L’Alliance Mondiale pour une Dentisterie Sans Mercure
التحالف العالمي لطب أسنان خال من الزئبق
Всемирный альянс за стоматологию без ртути
Alianza Mundial por una Odontología Libre de Mercurio
世界无汞牙科联盟
World Alliance for Mercury-Free Dentistry

The Honorable Erik Solheim, Executive Director
UN Environment
Nairobi

Dear Executive Director Solheim:

The World Alliance for Mercury-Free Dentistry deeply appreciates your 25 May meeting with Charlie Brown and Rachel Kamande, as well as with Desiree Narvaez and Hao Chen (and afterwards with Michiko Okumura) of UN Environment. At the end of that meeting you asked Charlie what you could do. After consulting with CSOs on every continent, here is our request for the single most effective step UN Environment can take to address Annex A-II of the Minamata Convention on Mercury.

We ask that UN Environment join us to co-sponsor a global workshop on ending amalgam use for children. This recommendation comes from 73 CSOs (listed below), a majority of which are African and Asian. We CSOs come from 47 nations.

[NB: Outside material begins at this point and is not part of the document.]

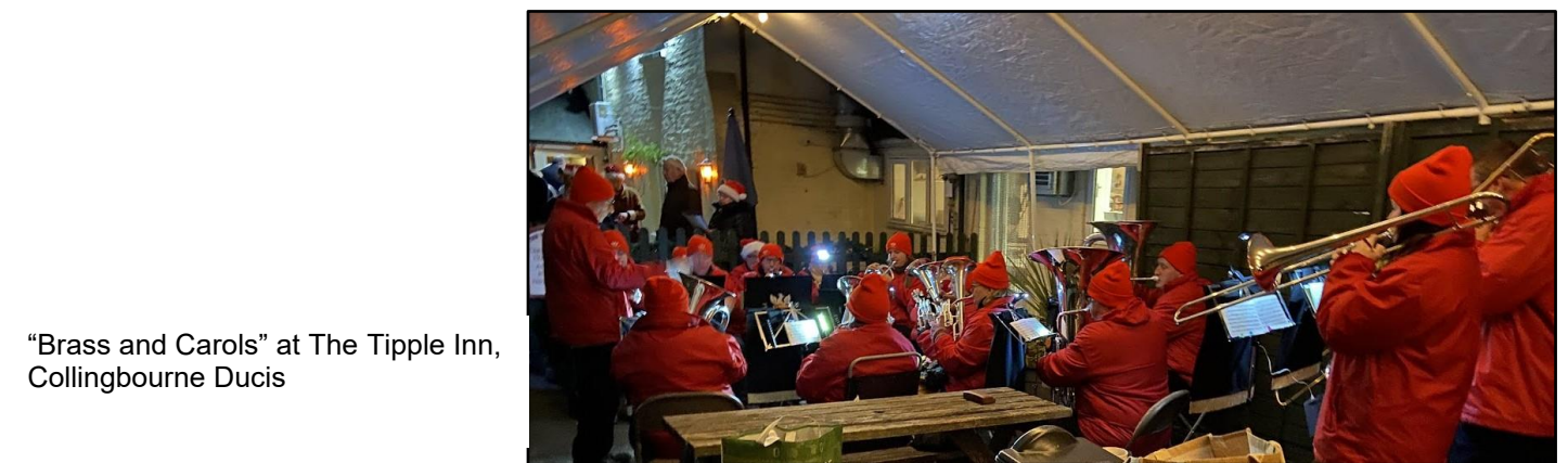
“Brass and Carols” at The Tipple Inn, Collingbourne Ducis

Why focus on ending amalgam use in children? For five main reasons:

1. Children are particularly vulnerable to mercury: Children’s developing brains and neurological systems are especially susceptible to the neurotoxic effects of mercury. The Minamata Convention acknowledges that parties are “Aware of the health concerns, especially in developing countries, resulting from exposure to mercury of vulnerable populations, especially women, children, and, through them, future generations.” [i] Therefore, it is appropriate to focus on preventing both direct and indirect mercury exposures to this most vulnerable population.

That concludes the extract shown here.